И вновь, как два года назад, шли от Ростова не к Москве, а на юг, в Кубанские степи. Разве что другой дорогой. Полк Туркула замыкал колонну корпуса, и по утрам, готовя батарею к походу, Дымников слышал сквозь привычные звуки перестрелки Преображенский марш – это Туркул вёл полк в контратаку под духовой оркестр.

Теперь батарея Воронцова шла впереди, и он останавливался, поджидая Леонтия. У них совпадали взгляды на настоящее – здесь война проиграна и надо перебираться в Крым. Представления о будущем оказались различными: Воронцов надеялся, что, наступая из Крыма, можно разбить красных, у которых в тылу разруха, голод и бунты; Дымников ни на что не надеялся, и будущее для него ограничивалось вопросами «где станем? найдём ли самогон?».

Последнее орудие Воронцова въехало в сияющую солнцем огромную лужу, и колеса по оси застряли в грязи. Ездовые матерились, хлестали лошадей нагайками, но те никак не могли сдвинуть пушку.

   – Я сейчас вас научу, как это делается, – сказал Дымников. – Разрешите мне покомандовать.

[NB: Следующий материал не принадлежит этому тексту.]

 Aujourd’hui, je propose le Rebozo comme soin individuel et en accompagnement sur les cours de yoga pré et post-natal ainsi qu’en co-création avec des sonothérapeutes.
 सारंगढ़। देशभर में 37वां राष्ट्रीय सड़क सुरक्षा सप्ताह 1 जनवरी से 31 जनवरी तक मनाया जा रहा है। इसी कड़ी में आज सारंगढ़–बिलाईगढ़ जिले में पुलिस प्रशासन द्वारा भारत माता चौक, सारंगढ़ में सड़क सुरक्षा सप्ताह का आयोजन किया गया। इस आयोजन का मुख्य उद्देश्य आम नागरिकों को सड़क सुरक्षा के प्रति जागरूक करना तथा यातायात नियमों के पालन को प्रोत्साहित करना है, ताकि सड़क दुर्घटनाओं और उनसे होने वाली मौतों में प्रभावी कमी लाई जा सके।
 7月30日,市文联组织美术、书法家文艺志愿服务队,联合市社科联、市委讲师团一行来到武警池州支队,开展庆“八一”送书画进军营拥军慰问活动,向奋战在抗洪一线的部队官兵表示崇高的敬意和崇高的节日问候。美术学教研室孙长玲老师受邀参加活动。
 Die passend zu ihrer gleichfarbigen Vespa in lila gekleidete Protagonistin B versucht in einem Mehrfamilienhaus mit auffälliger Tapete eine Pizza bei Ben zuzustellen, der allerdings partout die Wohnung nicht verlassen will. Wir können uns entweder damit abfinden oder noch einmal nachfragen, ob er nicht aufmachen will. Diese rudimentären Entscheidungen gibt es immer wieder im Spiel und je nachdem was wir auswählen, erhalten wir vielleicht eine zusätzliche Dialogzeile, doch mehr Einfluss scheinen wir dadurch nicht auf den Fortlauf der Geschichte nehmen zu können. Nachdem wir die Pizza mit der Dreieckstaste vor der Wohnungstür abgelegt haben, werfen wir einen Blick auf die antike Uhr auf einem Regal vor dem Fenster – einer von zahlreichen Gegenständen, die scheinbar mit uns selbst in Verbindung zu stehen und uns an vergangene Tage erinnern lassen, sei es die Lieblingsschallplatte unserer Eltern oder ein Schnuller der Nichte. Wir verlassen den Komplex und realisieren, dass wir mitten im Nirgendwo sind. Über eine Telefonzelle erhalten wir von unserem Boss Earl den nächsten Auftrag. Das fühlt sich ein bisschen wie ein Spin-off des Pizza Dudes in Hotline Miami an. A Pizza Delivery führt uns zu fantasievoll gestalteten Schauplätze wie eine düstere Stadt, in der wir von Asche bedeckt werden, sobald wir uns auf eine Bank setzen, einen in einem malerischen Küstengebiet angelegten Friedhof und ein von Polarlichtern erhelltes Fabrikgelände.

Воронцов, с улыбкой пожав плечами, разрешил.

   – Ездовые, слезай! – скомандовал Леонтий.

Солдаты, удивлённо оглядываясь на офицеров, спрыгнули с лошадей и стали справа от дороги. Лошади мотали головами, отряхивались, отдыхали после тяжких бесплодных усилий.

Дымников продолжал командовать:

   – Орудие-е! – закричал он отработанным сильным голосом, растягивая последнюю гласную. – Вперёд ма-а-арш!

Лошади дружно напряглись, шагнули в лад, и орудие сдвинулось с места. Воронцов смеялся и удивлялся. Неожиданно раздалось ещё одно восхищенное восклицание – знакомый поручик Кривский выехал на белой лошади из-за орудийных упряжек.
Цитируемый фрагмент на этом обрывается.